The National Right to Life Board of Directors voted to back Cruz in the Republican presidential primaries back in April. It has not yet formally backed Donald Trump.

“I really don’t know if there will be a decision, what it will be,” National Right to Life Committee President Carol Tobias told Rewire. “Everything has [been] kind of crazy and up in the air this year, so we’re going to wait and kind of see everything that happens. It’s been a very unusual year all the way around.”

Some in the anti-choice movement have openly opposed Trump, including conservative pundit Guy Benson, who declared at Thursday’s opening session, “I’m not sure if we have someone who is actually pro-life in the presidential race.”

But many at the convention seemed ready to rally behind Trump, albeit half-heartedly. “Let’s put it this way: Some people don’t know whether they should even vote,” said the Rev. Frank Pavone, national director of Priests for Life. “Of course you should … the situation we have now is just a heightened version of what we face in any electoral choice, namely, you’re choosing between two people who, you know, you can have problems with both of them.”

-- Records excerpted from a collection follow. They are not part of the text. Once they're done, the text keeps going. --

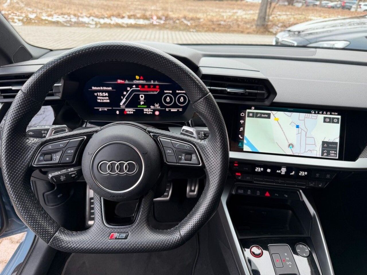 Audi connect plus (Internetbasierende Dienste), Audi Smartphone Interface, Außenspiegel Wagenfarbe, Bluetooth-Freisprecheinrichtung mit Spracherkennung (Audi Phone Box), Fahrassistenz-System: Verkehrszeichenerkennung, Frontscheibe Wärmeschutzverglasung, Gepäckraumklappe elektr. betätigt (öffnen + schliessen), Head-up-Display, Höchstgeschwindigkeit 280 km/h, Innenspiegel mit Abblendautomatik, Keramik-Bremsanlage vorn, Bremssättel Anthrazit lackiert, Kindersicherung elektr. betätigt, Lendenwirbelstützen vorn, elektr. verstellbar, LM-Felgen 8x19 (5-Speichen, Y-Design, für Winterbereifung), LM-Felgen vorn/hinten: 9x19 / 8x19 (5-Y-Speichen, schwarz matt), Matrix-LED-Scheinwerfer, Metallic-Lackierung Kemora Grau, Multi-Media-Interface MMI Navigation Plus mit MMI Touch, Optik-Paket schwarz plus, Reifendruck-Kontrollsystem, RS Exterieur-Paket Schwarz glänzend, Rückfahrkamera, Seitenairbag vorn und hinten, Sitzbelegungserkennung für Sicherheitsgurte, Sitzbezug / Polsterung: Leder Feinnappa, Rautensteppung mit Logo-Prägung in Vordersitzlehnen, Sitze vorn elektr. verstellbar (links mit Memory), Sitzheizung vorn, Sound-System DSP / Audi Sound-System, USB-Schnittstelle für Fondpassagiere, Verglasung hinten abgedunkelt (Privacyverglasung)
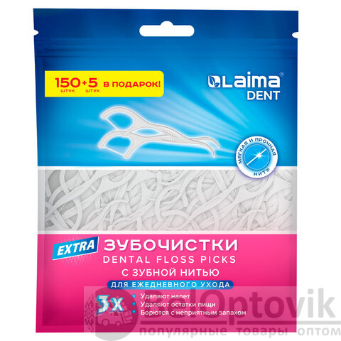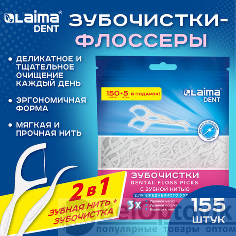 Зубочистки-флоссеры с зубной нитью "150 шт. + 5 шт. в подарок!", зиплок-пакет, LAIMA DENT, 609402
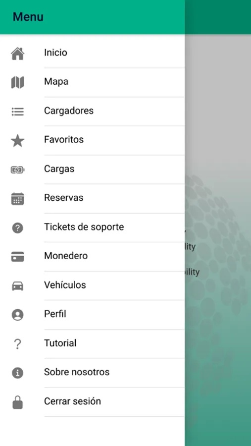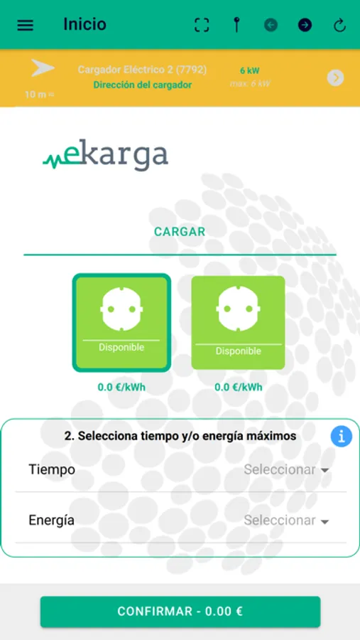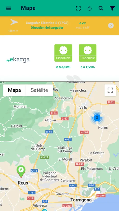 - Mapa: indica la posición en la que se encuentra el usuario y la de los cargadores.

Another issue on the minds of many attendees that received little mention throughout the conference was the Supreme Court’s recent ruling in Whole Woman’s Health v. Hellerstedt, which struck down provisions in Texas requiring abortion providers to have hospital admitting privileges and mandating clinics meet the standards of hospital-style surgery centers. The case did not challenge Texas’ 20-week abortion ban.

“We aren’t going to have any changes in our strategy,” Tobias told Rewire, outlining plans to continue to focus on provisions including 20-week bans and attempts to outlaw the common second-trimester abortion procedure of dilation and evacuation, which anti-choice advocates call “dismemberment” abortion.

But some conference attendees expressed skepticism about the lack of any new legal strategy.

“I haven’t heard any discussion at all yet about, in light of the recent Supreme Court decision, how that weighs in strategically, not just with this legislation, but all pro-life legislation in the future,” Sam Lee, of Campaign Life Missouri, said during a panel discussion on so-called dismemberment abortion. “There has not been that discussion this weekend and that’s probably one of my disappointments right now.”

The Supreme Court decision has highlighted differing strategies within the anti-choice community. Americans United for Life has pushed copycat provisions like the two that were struck down in Texas to require admitting privileges and surgery center standards under the guise of promoting women’s health. National Right to Life, on the other hand, says it’s focused on boilerplate legislation that “makes the baby visible,” in an attempt to appeal to Supreme Court Justice Anthony Kennedy, who cast a key vote to uphold a “partial-birth abortion” ban in 2007.

When asked by Rewire about the effect of the Texas Supreme Court case, James Bopp, general counsel for the National Right to Life Committee, appeared to criticize the AUL strategy in Texas. (Bopp is, among other things, the legal brain behind Citizens United, the Supreme Court decision that opened the floodgates for corporate spending on elections.)

“This case was somewhat extreme, in the sense that there were 40 abortion clinics—now this is just corresponding in time, not causation, this is a correlation—there were 40 abortion clinics and after the law, there were six,” Bopp said. “That’s kind of extreme.”

Speaking to an audience of about ten people during a workshop on campaign finance, Bopp said groups seeking to restrict abortion would need to work harder to solidify their evidence. “People will realize … as you pass things that you’re going to have to prove this in court so you better get your evidence together and get ready to present it, rather than just assuming that you don’t have to do that which was the assumption in Texas,” he said. “They changed that standard. It changed. So you’ve gotta prove it. Well, we’ll get ready to prove it.”